If you try to market the first book by marketing the series, then you get the reaction that I explored in my last Trailer Time, and you fail.
Now, here’s the exceptions: If you truly have a Xanth-style series or if your current book is a Xanth-style book in a Pern-style series (not talking actual content here, but the relationship to the rest of the books), then any book that can be a stand-alone novel is an ambassador to the series, just like the first book is an ambassador to the series. If the reader can really start (and appreciate) your series with the book you have now, then market the book you have now and use it to hook readers to the series, just as you would do with the first book.

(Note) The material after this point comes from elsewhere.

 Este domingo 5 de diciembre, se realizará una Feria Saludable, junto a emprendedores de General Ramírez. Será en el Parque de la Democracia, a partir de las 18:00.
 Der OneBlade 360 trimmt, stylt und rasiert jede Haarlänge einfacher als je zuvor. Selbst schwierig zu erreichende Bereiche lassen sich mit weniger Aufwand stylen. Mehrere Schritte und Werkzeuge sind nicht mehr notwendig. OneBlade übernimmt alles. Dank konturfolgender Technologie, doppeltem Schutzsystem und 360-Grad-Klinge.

Once you’ve won readers over, then it’s time to market the series. How you do this is going to depend a great deal on whether it is a Wheel of Time, a Pern, or a Xanth, and it’s also going to depend on the content of the series relative to the content of the hook book. If your books are interdependent (either a Wheel of Time or part of a Pern), then you market the series much as you would market the book, by giving readers a taste of the full cast and the complete story arc. If your books are independent (either a Xanth or part of a Pern), then you will need to base your series marketing on the style and the milieu.

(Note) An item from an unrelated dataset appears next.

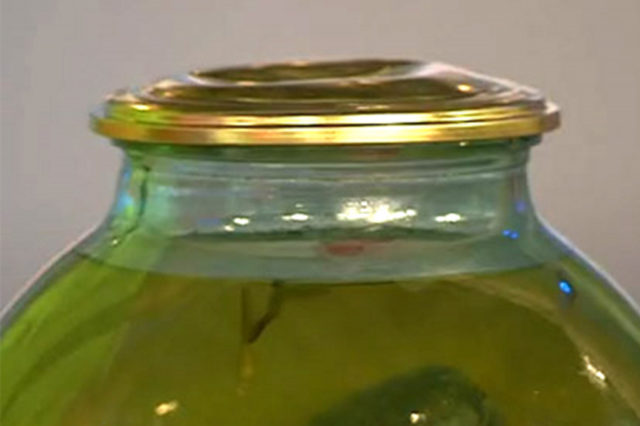 Bombage (swollen lids) - the first sign of spoilage of canned mushrooms
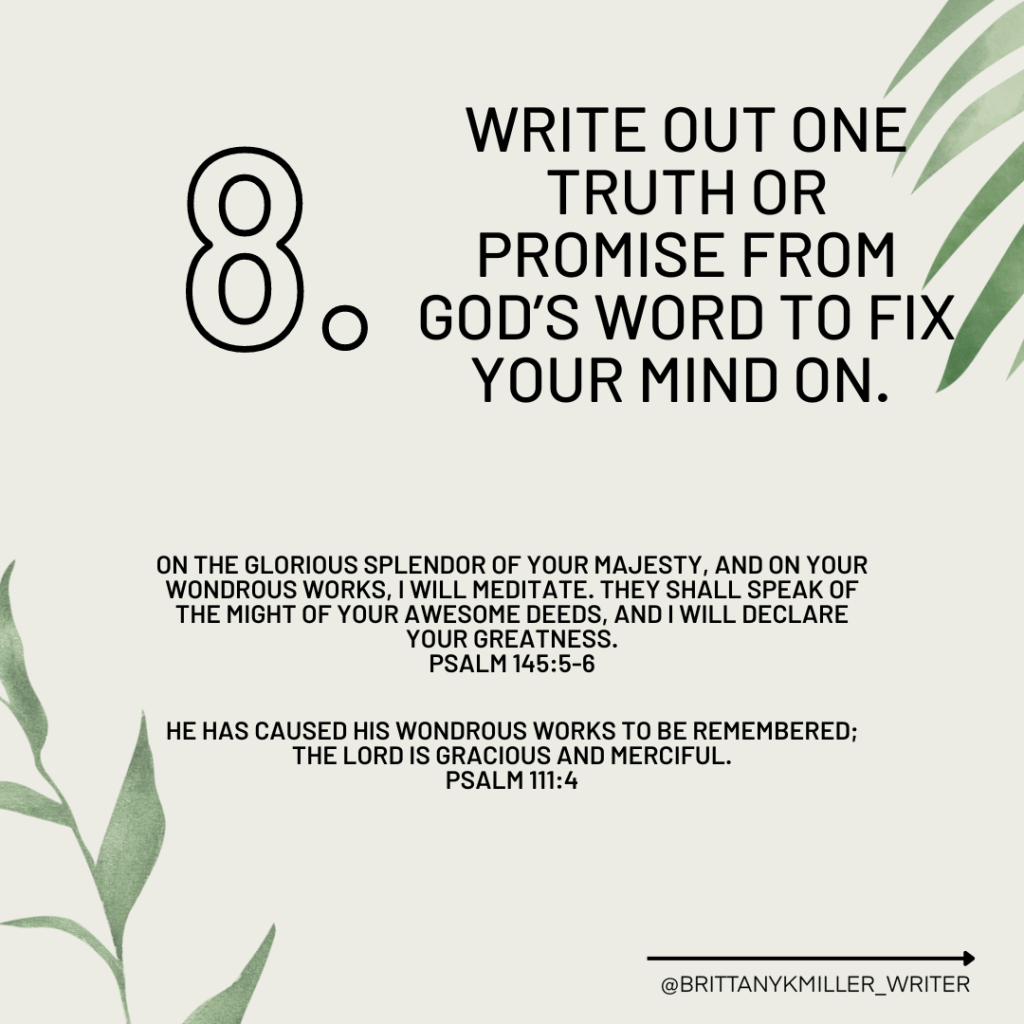 - Write out one truth or promise from God’s Word to fix your mind on.

For example, if I were to use a Xanth novel to market the series, I would concentrate on the witty punning and magic, while also drawing attention to the tongue-in-cheek social commentary. I might even allude to The Simpsons. If I were to use the Moreta novel to market the Pern series, I would draw attention to how the legend of Moreta shaped the world of Pern and how so much that was lost must be rediscovered if Pern is to survive. Depending on which came first, I would tie Moreta’s story with the series as the “contemporary” Pernese rediscover and explore the Southern continent. And if I were to market the Moreta novel to fans of the Pern series, I would say something about “the truth behind the legend,” which treats the world of Pern with a greater sense of reality than would seem appropriate to new readers, but which makes sense for those who are already sold on the Pern milieu.
The point is, as a writer, you have to market your work in context to where your reader (or potential reader) is in relation to your stories. If you don’t, if you try to accomplish too much, then you’ll fail to capture the reader. If you don’t connect your work to its series at the appropriate time, you’ll fail to leverage the hard work you’ve already done by winning the reader’s trust. Either way, you lose.